Au titre de la conception et de l’organisation du travail, la flexibilisation du temps de travail se traduit dans certains cas par un temps partiel « donné » ou la possibilité du télétravail, voire de travailler dans un espace spécialement aménagé en dehors des murs de l’organisation (co-working). Cette flexibilisation marque l’émergence d’un style nouveau de management cherchant à s’ajuster aux nouvelles attentes des jeunes générations.

Les atouts principaux des employeurs français et suisses ont été regroupés, dans le Tableau 2 suivant, en quatre catégories : les conditions matérielles d’emploi et le soutien organisationnel; les valeurs et le sens de la mission publique; le style de leadership et la gestion des ressources humaines; ainsi que le développement personnel et professionnel. On peut y remarquer en gras les atouts communs aux deux pays.

Tableau 2

Principaux atouts des employeurs du bassin

Principaux atouts des employeurs du bassin

-> See the list of tables

Principaux concurrents identifiés sur le marché de l’emploi par les organisations publiques

Logiques convergentes de concurrence entre la Suisse et la France

Certaines logiques restent identiques entre les employeurs publics suisses et français dans leur profilage stratégique. Il s’agit d’abord d’une logique de proximité géographique, qui place dans les deux cas l’employeur privé en haut de la liste[17]. Dans un deuxième temps, une logique sectorielle de concurrence existe entre les organisations publiques oeuvrant dans les mêmes domaines de compétence.

En Suisse, la logique de proximité géographique se révèle dans la concurrence que se livrent les employeurs publics ou semi-publics du Grand Genève. Cette concurrence n’est pas importante mais opère pour toutes les fonctions qui se retrouvent dans la plupart des organisations, en particulier les fonctions dites de support. En France, d’autres collectivités en quête des mêmes compétences, et donc à la recherche des mêmes profils de candidats, peuvent rivaliser. EFR7 avance même que certaines collectivités « volent les bons candidats ».

Logiques divergentes de concurrence entre la Suisse et la France

Un premier constat ressort très clairement : les employeurs actifs en France ne sont quasiment jamais mentionnés en tant que concurrents sur le marché de l’emploi public suisse. Cependant, le bassin élargi de l’emploi suisse concerne aussi les organisations publiques ou privées internationales pour des fonctions très pointues, des profils spécialisés ou davantage managériaux.

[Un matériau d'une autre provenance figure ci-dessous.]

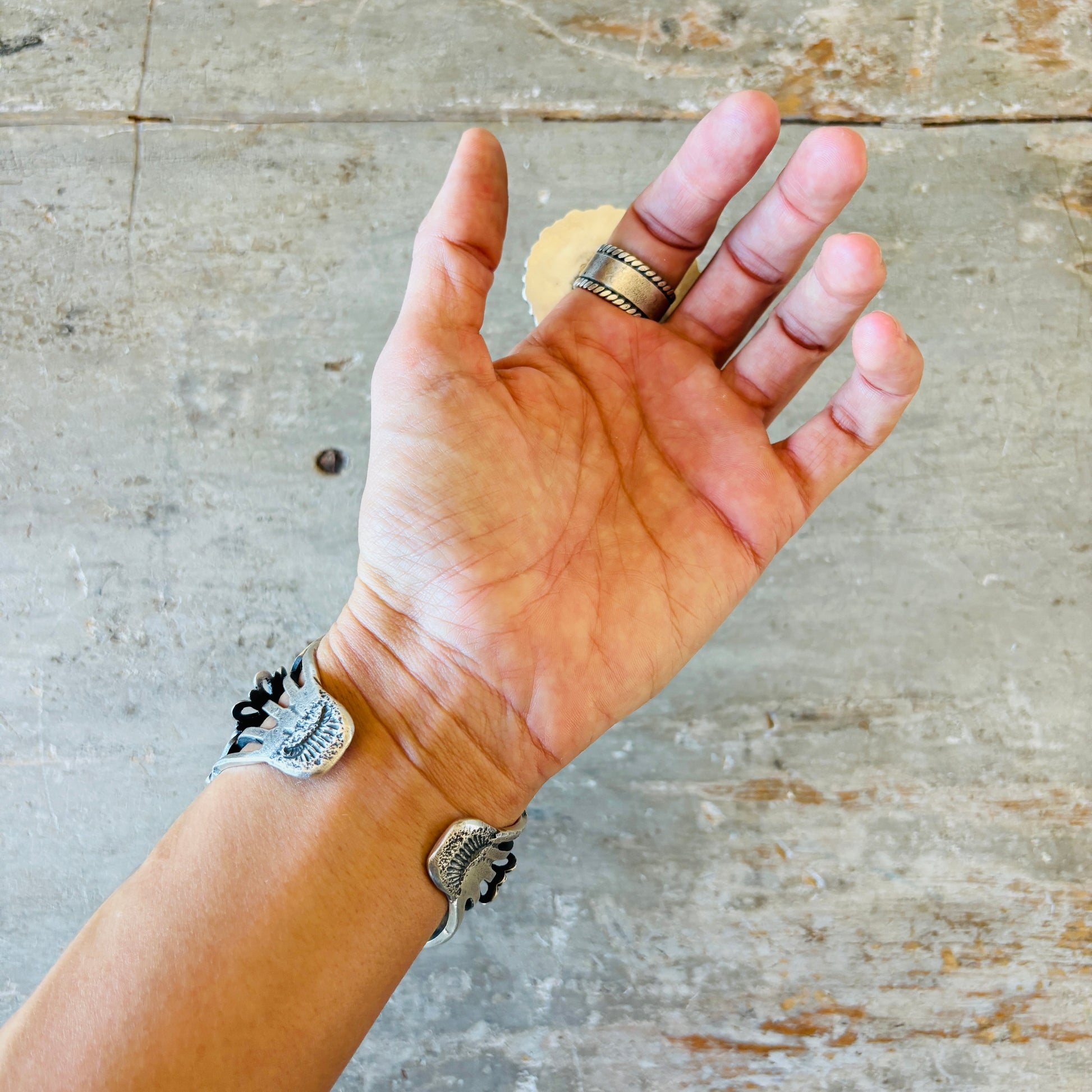 Navajo Kindale Billah Sterling Silver & Campitos Turquoise Canoe Ring

Il est intéressant de relever, en lien avec la question de l’image de l’employeur public évoquée ci-dessus, que « le plus gros concurrent peut être nous-même » selon l’un des répondants suisses, car les personnes attirées par son organisation ne le sont souvent pas pour les motifs liés à la motivation et aux projets confiés, mais pour les conditions matérielles d’emploi au sens large; ce qui conduira ECH3 à remarquer que [malheureusement] « notre organisation est perçue comme un employeur tranquille, un peu planplan… ».

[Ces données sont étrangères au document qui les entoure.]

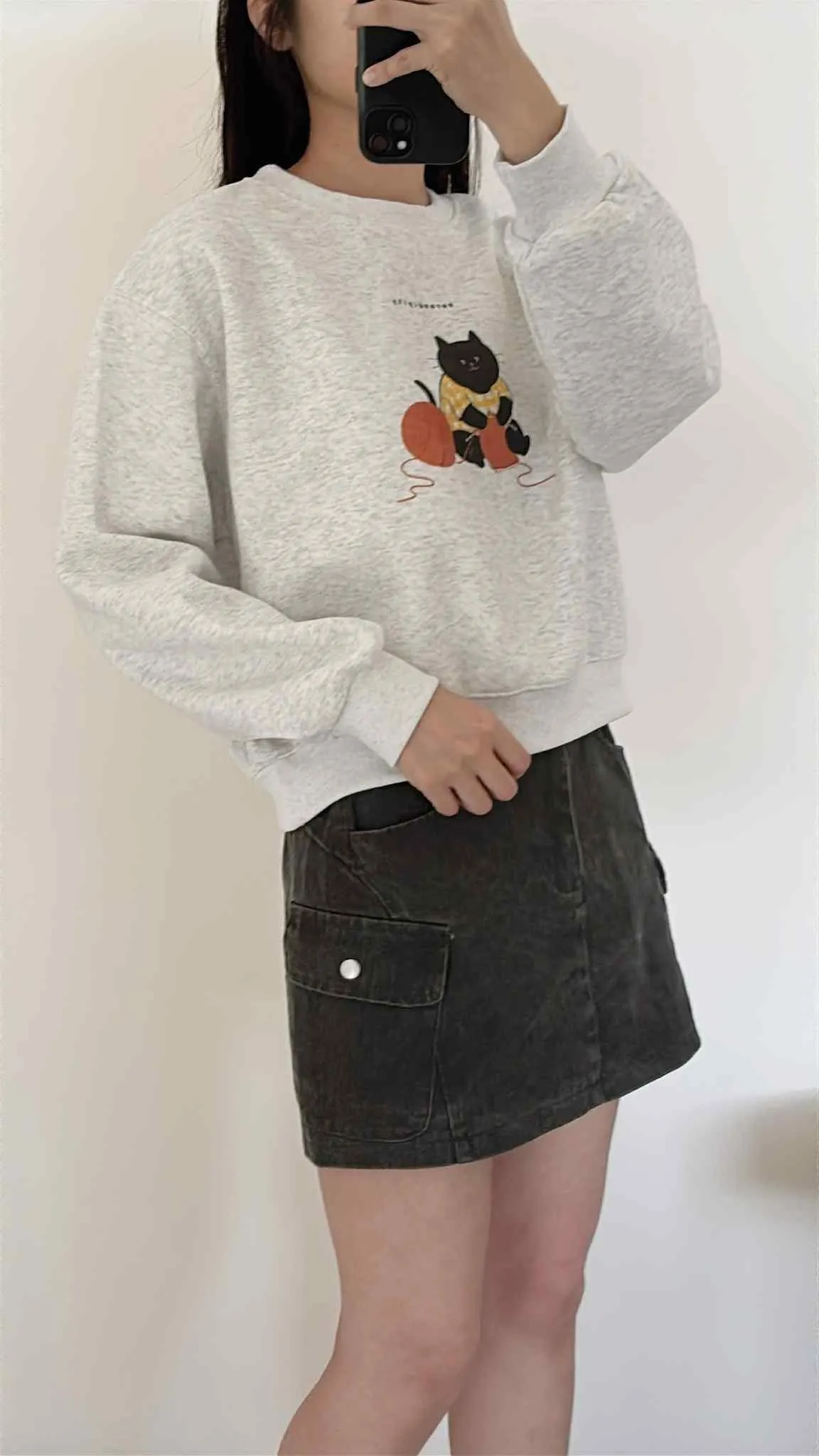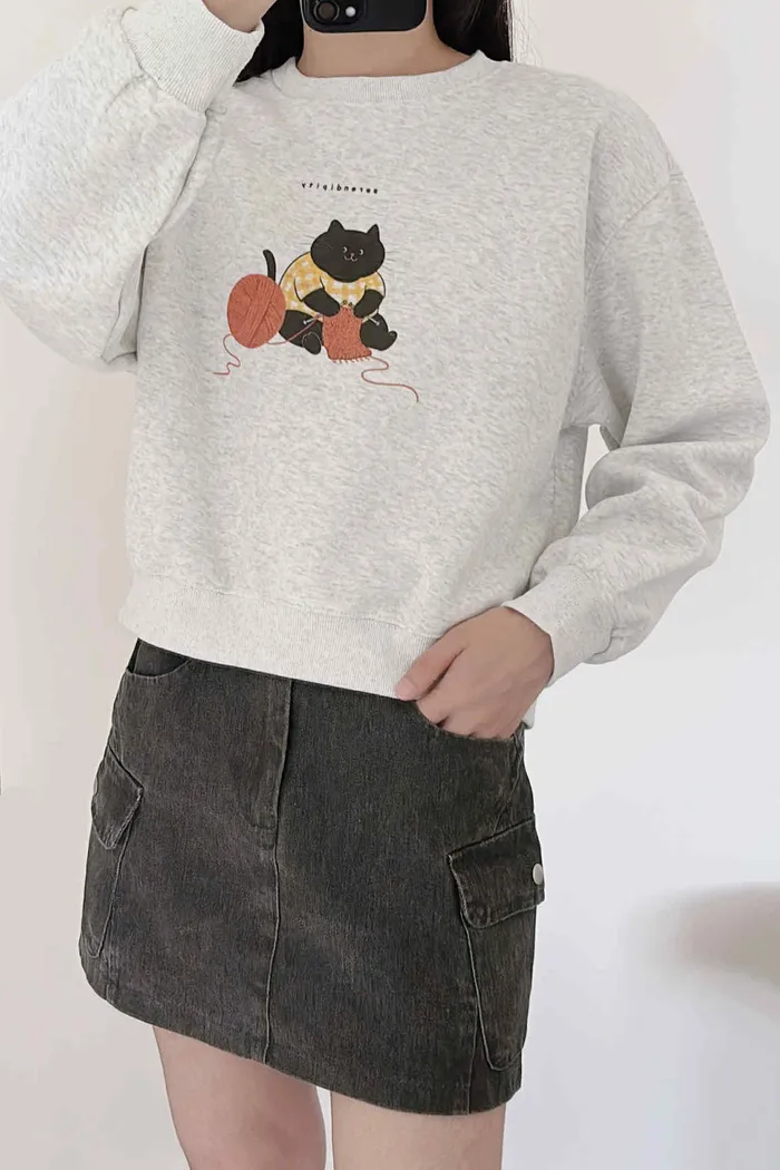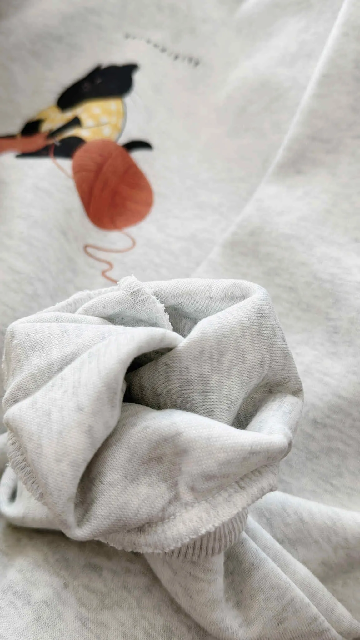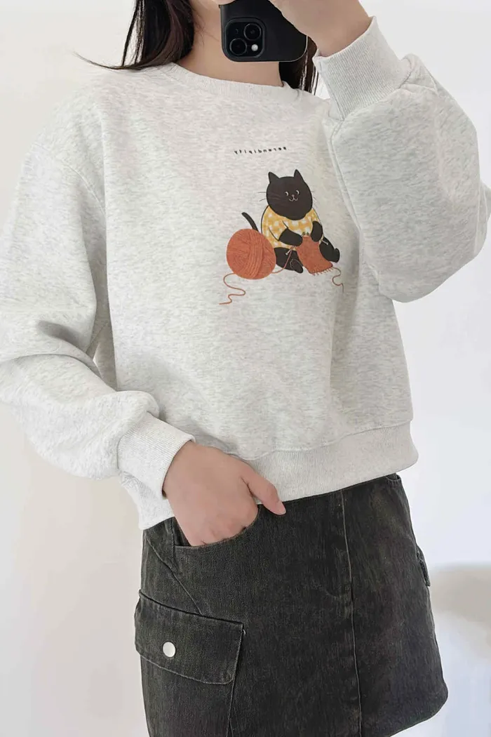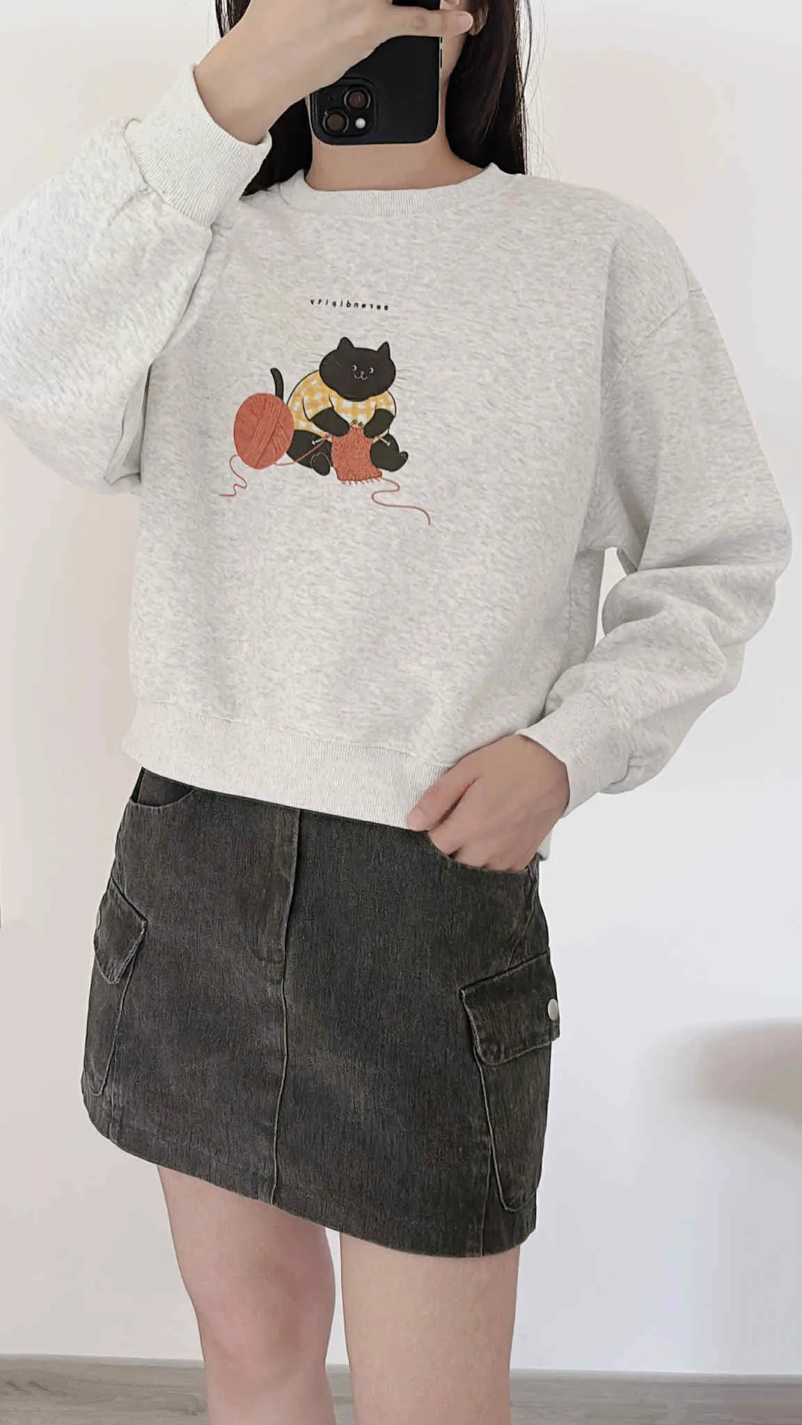 推薦款/微短版/織毛線圓滾滾貓貓柔棉大學tee/內無刷毛

En revanche, les concurrents principaux des employeurs publics français sont les employeurs suisses des cantons de Genève et du pays de Vaud, qui attirent un profil de travailleurs plutôt bien formés, entre 30 et 45 ans, séduits par la variable salariale. Les métiers les plus en tension se rencontrent dans le médical ou l’industrie. Malgré cette concurrence, certains employeurs du secteur public français semblent tempérer la situation : « la Suisse n’est pas qu’un poids, c’est aussi un moteur, et toute la difficulté qu’on a actuellement, c’est de réussir à mettre en synergie nos deux territoires… » Interrogée sur l’éventualité que le statut social de fonctionnaire, lequel garantit tout de même la sécurité de l’emploi, puisse compenser les avantages pécuniaires offerts en Suisse, EFR3 fait le commentaire suivant : « Aujourd’hui le statut social ne suffit plus à compenser cela (évasion vers la Suisse); pour une raison très simple c’est que le statut protège, donc les gens se mettent en disponibilité. Donc ils savent qu’ils ont toujours la possibilité de revenir côté France. Donc ça les sécurise; (…) cette sécurité a plutôt tendance à les assurer qu’ils peuvent revenir ».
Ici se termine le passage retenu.